Online advertising is dominated by a duopoly – Meta (née Facebook) and Google – who have been repeatedly accused of defrauding publishers. These frauds include allegedly undercounting viewers and, more disturbingly, allegations of direct collusion by senior executives at both companies to rig the entire ad market to both maximize the share of revenue raked off by the ad-tech duopoly (including through blatant fraud), and to exclude other ad-tech companies who might have paid publishers more. Google allegedly charges higher fees than rival ad exchanges and, according to regulators, cheats when it collects those fees.
Even worse: the remuneration provision in the bill may actually entrench the dominance of the ad-tech duopoly by enshrining them as permanent structural elements of the media industry, such that efforts to reduce their dominance would undermine media outlets that depend on them.
Regulating quotation isn’t the way to give all the nation’s publishers a fair deal. Cleaning up the ad-tech market is a far better approach. For example, regulators could consider the following:
- Restrict firms from offering both “demand-side” and “supply-side” ad services. Today, the ad-tech giants routinely represent both sellers of advertising space (publishers) and buyers (advertisers) in the same transaction, creating many opportunities for cheating in ways that benefit the platforms at the expense of publishers. The law should require companies to represent either the buyers of ads or the sellers, but not both;
- Require ad-tech platforms to disclose the underlying criteria (including figures) used to calculate ad revenues and viewership, backstopped by independent auditors;
- Find ways to allow smaller players to participate in real-time bidding for ad space; and
- Build on Brazil’s data protection law to make surveillance advertising less attractive and encourage non-invasive, content-based advertising that uses the text of articles, not the behavior of readers, to target ads. This would erode the data advantage enjoyed by companies that have practiced decades of nonconsensual mass surveillance.
These measures may take longer and might require more administration than a “remuneration obligation,” but they have one signal advantage: they will work. A hastily constructed, underspecified remuneration obligation is the epitome of the Silicon Valley ethic of “move fast and break things” – it’s the kind of thinking that created this mess in the first place. By contrast, restructuring the ad market to make it fair to publishers, to eliminate mass surveillance, and to purge it of widespread fraud is a project that involves “moving slowly and fixing things.” It is the antidote to Silicon Valley’s toxicity.

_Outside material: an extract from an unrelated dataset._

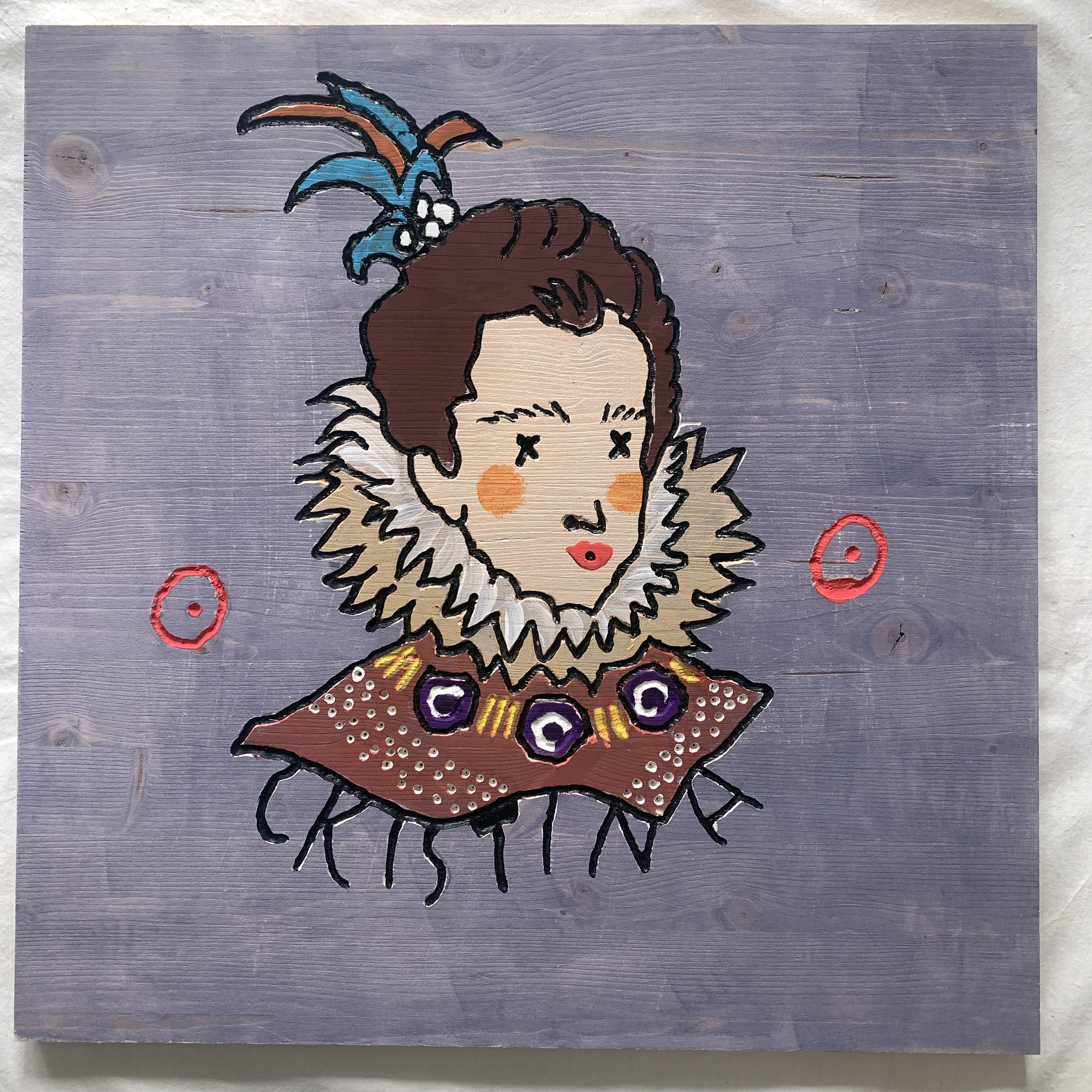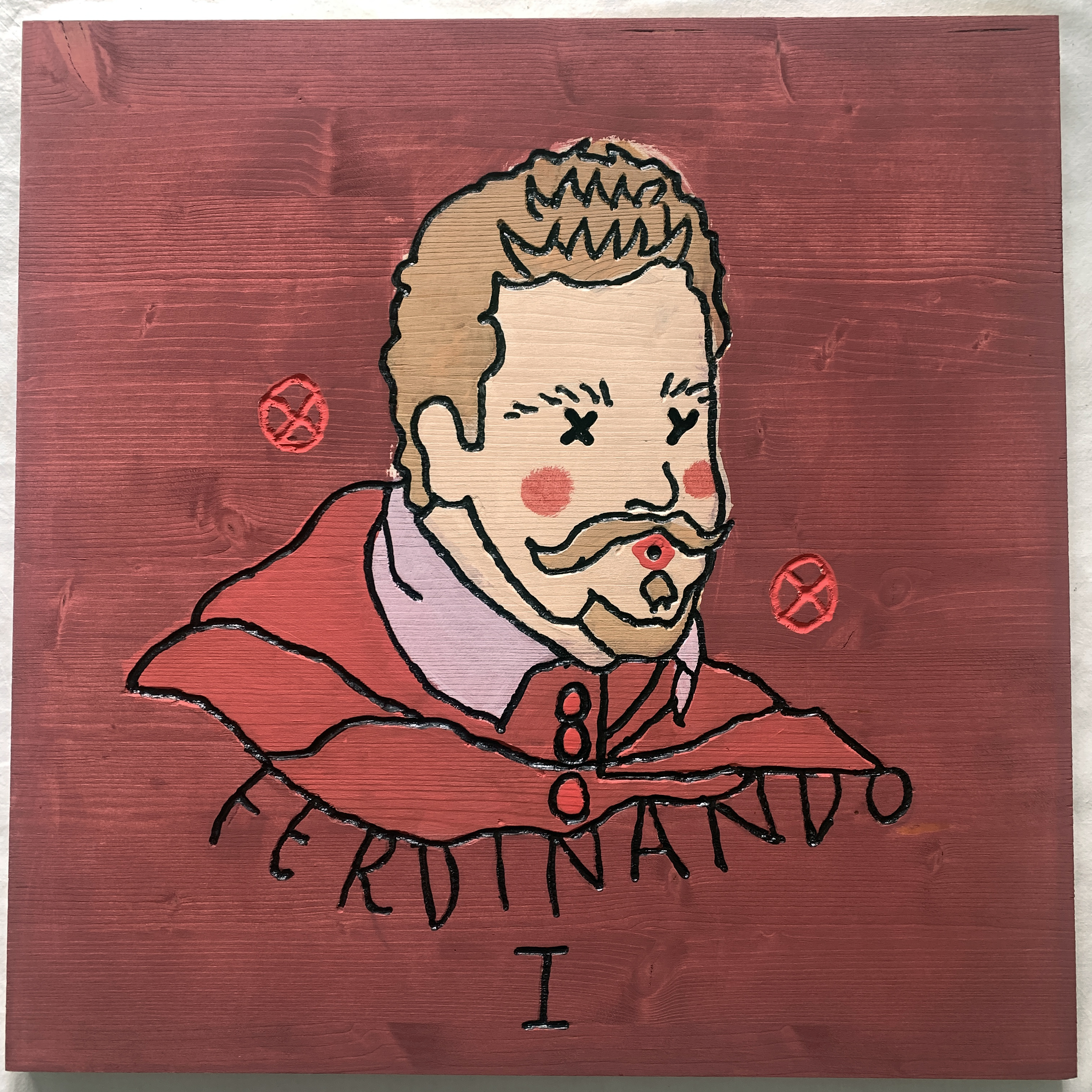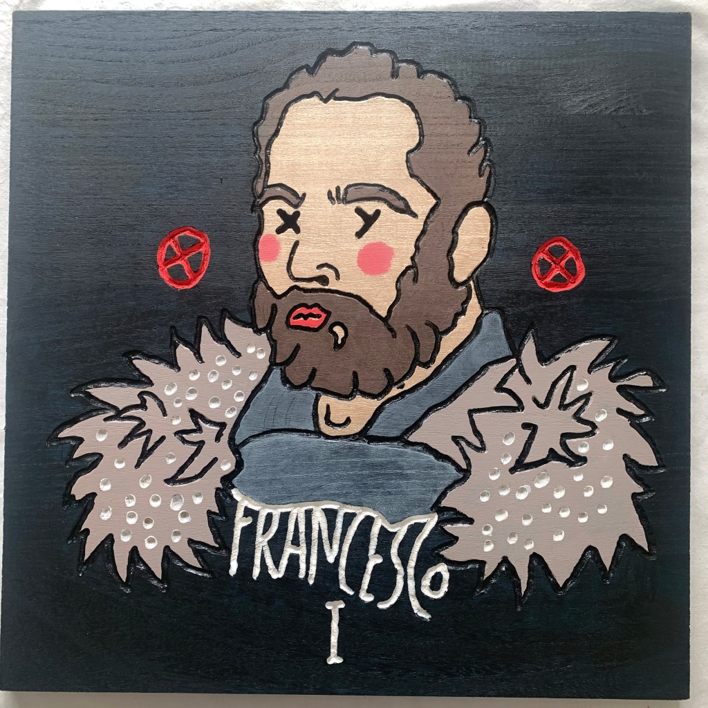 In 2025, he presents the solo exhibition “XXY – de’ Medici” at the Museo de’ Medici in Florence. The project comprises a series of stylized portraits depicting members of the Medici family and key figures of the Renaissance. Executed on painted and engraved wooden panels, the portraits are assembled into sculptural modular cubes. These works reflect on themes of power, patronage, and legacy, creating a visual and conceptual bridge between historical and contemporary modes of representation. The exhibition also features site-specific wall drawings designed in continuity with the portrait series.

When we allow debates about compensation for publishers and the sustainability of journalism to be posed as a battle between Big Tech and Big Media, we miss the real stakes: fostering freedom of expression, and access to information and knowledge. Good digital policy should strive for an online environment with a rich plurality of voices and a diverse range of solid news sources. These priorities will not emerge from private deals cut between media and tech giants in back rooms, and giving either side more power and less competition from upstarts will only make things worse.
Brazilian civil society has rejected the proposition that we must choose one or the other. They are demanding more diversity and fairness, not entrenchment for dominant and highly concentrated players. Brazilian legislators should listen and drop the flawed remuneration obligation from the Fake News bill.